▶ [PROBLEM REQUIREMENTS]:
Count how many lines below include the word "finish". Answer with a number only.

===============

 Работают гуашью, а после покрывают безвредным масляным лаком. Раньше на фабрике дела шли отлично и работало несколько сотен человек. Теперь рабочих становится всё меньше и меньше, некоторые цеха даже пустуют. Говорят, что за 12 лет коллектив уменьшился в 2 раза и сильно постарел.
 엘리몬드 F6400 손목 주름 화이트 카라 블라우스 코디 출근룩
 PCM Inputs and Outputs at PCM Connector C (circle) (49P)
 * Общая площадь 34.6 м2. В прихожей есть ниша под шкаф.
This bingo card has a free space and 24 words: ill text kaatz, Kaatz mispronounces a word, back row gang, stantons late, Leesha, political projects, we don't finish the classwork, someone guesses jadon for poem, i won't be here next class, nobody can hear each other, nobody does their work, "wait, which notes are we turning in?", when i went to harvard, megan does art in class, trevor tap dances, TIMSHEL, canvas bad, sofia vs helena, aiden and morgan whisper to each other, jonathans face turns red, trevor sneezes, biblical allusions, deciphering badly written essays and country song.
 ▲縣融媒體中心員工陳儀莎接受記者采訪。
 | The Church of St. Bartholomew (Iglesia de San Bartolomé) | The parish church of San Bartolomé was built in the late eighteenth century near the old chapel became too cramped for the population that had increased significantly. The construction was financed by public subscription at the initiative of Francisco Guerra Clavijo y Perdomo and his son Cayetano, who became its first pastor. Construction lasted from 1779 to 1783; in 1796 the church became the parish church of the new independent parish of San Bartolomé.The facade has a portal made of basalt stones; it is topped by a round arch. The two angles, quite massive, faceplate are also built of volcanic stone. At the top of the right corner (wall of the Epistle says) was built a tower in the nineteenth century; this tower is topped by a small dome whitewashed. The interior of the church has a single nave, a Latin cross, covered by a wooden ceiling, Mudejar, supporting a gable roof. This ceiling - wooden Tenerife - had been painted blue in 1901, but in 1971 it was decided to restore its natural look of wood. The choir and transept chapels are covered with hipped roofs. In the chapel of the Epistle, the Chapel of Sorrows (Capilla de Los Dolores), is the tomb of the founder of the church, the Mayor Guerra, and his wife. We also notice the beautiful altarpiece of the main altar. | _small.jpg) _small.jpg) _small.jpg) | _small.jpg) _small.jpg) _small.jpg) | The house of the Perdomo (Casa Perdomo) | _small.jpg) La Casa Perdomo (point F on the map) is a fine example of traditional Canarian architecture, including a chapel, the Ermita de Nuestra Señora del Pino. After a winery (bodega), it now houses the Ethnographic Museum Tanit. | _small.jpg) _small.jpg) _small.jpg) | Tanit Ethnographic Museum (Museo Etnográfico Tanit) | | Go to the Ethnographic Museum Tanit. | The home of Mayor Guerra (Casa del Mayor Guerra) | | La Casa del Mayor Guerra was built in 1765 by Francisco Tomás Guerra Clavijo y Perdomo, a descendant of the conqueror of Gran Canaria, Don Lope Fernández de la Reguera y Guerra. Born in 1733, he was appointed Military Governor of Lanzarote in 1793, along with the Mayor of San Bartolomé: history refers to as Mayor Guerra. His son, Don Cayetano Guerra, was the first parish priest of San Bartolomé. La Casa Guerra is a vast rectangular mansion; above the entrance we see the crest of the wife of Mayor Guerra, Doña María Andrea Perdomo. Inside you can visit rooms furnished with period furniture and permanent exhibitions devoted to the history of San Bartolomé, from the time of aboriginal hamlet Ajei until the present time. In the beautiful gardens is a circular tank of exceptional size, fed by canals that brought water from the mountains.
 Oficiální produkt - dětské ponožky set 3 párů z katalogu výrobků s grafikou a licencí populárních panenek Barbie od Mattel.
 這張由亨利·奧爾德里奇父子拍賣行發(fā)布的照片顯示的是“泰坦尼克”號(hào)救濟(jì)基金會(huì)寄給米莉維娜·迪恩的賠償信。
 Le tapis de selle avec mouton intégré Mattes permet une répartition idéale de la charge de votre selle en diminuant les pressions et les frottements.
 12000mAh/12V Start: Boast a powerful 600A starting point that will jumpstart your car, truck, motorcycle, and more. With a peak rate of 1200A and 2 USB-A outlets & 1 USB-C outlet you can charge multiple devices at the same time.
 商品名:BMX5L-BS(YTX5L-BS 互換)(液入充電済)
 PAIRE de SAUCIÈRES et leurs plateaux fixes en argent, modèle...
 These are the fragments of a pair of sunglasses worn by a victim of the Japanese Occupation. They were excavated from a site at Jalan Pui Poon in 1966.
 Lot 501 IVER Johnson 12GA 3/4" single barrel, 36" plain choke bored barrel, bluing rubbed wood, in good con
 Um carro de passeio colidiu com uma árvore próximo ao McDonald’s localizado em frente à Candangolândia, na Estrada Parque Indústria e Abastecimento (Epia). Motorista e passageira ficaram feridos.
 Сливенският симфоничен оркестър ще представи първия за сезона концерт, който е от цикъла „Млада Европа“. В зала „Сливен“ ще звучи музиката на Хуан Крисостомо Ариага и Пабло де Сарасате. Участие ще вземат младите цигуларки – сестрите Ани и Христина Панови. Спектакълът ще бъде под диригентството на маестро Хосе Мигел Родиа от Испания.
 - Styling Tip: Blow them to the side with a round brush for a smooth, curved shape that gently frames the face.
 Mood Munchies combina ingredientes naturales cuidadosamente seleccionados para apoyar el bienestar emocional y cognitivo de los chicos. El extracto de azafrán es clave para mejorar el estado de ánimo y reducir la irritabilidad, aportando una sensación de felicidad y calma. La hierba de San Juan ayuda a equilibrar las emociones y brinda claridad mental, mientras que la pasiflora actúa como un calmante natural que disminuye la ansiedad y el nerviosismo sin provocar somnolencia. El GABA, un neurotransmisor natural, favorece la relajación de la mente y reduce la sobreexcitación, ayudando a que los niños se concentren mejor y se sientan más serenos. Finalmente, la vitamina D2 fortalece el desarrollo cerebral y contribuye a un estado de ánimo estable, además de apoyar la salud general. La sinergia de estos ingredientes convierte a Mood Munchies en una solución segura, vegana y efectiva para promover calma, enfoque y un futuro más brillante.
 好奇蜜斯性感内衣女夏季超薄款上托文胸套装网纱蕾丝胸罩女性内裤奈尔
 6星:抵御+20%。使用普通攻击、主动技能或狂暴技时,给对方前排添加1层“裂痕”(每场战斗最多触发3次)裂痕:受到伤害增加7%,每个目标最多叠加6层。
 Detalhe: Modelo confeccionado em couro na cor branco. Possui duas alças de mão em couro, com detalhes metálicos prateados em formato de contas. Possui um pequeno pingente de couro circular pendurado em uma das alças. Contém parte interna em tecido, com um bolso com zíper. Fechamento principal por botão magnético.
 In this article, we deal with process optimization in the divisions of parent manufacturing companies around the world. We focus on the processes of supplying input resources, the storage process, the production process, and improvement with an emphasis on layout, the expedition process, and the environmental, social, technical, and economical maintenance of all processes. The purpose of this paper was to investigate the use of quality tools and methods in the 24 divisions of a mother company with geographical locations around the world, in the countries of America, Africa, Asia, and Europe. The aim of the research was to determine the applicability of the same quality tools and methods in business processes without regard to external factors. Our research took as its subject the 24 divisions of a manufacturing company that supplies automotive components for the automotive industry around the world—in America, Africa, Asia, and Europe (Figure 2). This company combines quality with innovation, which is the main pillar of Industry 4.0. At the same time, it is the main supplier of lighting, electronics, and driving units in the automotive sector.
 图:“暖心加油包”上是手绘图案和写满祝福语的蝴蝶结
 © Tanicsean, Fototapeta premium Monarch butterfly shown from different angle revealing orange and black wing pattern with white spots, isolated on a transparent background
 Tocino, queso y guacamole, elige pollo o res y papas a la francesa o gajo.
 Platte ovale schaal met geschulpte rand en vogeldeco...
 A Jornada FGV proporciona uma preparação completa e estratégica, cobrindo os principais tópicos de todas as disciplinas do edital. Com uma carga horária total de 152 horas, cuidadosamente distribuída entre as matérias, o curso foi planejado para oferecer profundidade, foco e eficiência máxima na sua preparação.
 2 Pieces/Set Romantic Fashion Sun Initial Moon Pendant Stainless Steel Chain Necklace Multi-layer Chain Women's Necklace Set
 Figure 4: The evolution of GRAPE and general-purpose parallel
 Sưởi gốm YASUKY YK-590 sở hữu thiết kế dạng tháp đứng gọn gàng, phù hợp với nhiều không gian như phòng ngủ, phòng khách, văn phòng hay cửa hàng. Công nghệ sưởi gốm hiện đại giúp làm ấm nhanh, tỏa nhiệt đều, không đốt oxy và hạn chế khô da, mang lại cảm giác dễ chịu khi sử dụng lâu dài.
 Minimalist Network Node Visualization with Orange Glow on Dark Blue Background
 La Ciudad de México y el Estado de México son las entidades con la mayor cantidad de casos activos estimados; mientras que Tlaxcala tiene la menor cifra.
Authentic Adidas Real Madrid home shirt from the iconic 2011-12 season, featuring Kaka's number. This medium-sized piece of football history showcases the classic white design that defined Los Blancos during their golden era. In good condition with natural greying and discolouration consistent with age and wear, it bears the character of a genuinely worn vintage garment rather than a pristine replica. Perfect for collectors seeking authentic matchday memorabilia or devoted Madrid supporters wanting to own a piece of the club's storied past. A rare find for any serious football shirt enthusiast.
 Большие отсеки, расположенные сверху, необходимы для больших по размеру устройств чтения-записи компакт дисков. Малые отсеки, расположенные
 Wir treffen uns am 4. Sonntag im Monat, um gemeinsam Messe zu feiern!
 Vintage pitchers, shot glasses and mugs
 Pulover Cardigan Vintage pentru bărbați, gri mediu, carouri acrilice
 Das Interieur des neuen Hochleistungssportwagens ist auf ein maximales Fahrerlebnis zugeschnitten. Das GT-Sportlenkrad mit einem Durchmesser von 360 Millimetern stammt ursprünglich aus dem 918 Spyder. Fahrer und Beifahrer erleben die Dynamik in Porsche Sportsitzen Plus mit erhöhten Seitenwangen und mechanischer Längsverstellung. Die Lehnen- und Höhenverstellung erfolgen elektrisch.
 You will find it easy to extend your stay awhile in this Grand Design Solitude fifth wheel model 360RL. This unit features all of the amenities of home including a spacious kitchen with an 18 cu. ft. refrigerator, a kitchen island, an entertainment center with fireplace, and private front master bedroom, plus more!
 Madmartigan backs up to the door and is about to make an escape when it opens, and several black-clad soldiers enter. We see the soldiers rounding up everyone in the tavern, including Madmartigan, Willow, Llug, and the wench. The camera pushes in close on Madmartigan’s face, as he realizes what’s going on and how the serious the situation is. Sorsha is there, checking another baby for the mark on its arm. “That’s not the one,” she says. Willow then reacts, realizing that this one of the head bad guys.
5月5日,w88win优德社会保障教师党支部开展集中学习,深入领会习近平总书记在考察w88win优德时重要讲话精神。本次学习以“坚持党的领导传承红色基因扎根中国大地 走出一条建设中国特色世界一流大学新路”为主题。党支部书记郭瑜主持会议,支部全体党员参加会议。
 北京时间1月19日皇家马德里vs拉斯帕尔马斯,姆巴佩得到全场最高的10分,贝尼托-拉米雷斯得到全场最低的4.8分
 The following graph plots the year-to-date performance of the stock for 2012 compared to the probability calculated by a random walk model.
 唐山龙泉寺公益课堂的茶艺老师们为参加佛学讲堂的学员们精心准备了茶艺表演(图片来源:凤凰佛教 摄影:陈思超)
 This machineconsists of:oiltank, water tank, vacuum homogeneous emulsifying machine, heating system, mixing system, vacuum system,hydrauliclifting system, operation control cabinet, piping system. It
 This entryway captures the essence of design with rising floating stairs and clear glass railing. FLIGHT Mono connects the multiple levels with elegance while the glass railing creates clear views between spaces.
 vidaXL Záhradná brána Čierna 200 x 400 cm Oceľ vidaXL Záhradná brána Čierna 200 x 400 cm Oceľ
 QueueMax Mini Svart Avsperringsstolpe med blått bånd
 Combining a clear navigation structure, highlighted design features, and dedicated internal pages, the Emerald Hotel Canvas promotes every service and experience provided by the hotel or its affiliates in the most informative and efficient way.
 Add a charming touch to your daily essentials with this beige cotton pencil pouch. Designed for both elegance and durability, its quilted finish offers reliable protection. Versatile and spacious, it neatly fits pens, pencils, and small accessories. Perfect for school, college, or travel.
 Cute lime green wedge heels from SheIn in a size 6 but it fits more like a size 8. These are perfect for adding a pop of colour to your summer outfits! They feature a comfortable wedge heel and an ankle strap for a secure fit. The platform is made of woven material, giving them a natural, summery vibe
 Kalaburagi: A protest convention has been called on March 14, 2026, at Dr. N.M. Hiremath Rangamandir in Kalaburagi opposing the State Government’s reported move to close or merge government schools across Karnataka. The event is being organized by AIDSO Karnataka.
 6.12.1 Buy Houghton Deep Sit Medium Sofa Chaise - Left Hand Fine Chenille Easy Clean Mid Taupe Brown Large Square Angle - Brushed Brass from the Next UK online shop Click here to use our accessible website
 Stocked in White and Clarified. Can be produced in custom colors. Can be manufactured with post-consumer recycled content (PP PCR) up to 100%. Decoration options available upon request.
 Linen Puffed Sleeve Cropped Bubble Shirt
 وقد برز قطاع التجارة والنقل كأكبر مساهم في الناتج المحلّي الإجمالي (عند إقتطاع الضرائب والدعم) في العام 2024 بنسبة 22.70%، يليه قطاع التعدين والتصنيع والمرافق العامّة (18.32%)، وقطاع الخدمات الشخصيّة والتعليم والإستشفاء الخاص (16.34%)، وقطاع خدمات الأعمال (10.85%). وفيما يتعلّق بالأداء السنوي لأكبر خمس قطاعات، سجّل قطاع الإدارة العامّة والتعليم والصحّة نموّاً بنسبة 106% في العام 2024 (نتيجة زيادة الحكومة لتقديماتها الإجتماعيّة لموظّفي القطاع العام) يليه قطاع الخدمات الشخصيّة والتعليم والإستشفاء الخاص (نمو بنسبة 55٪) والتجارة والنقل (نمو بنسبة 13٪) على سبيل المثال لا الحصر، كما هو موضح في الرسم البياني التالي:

===============

▶ [PROBLEM SOLUTION]:
2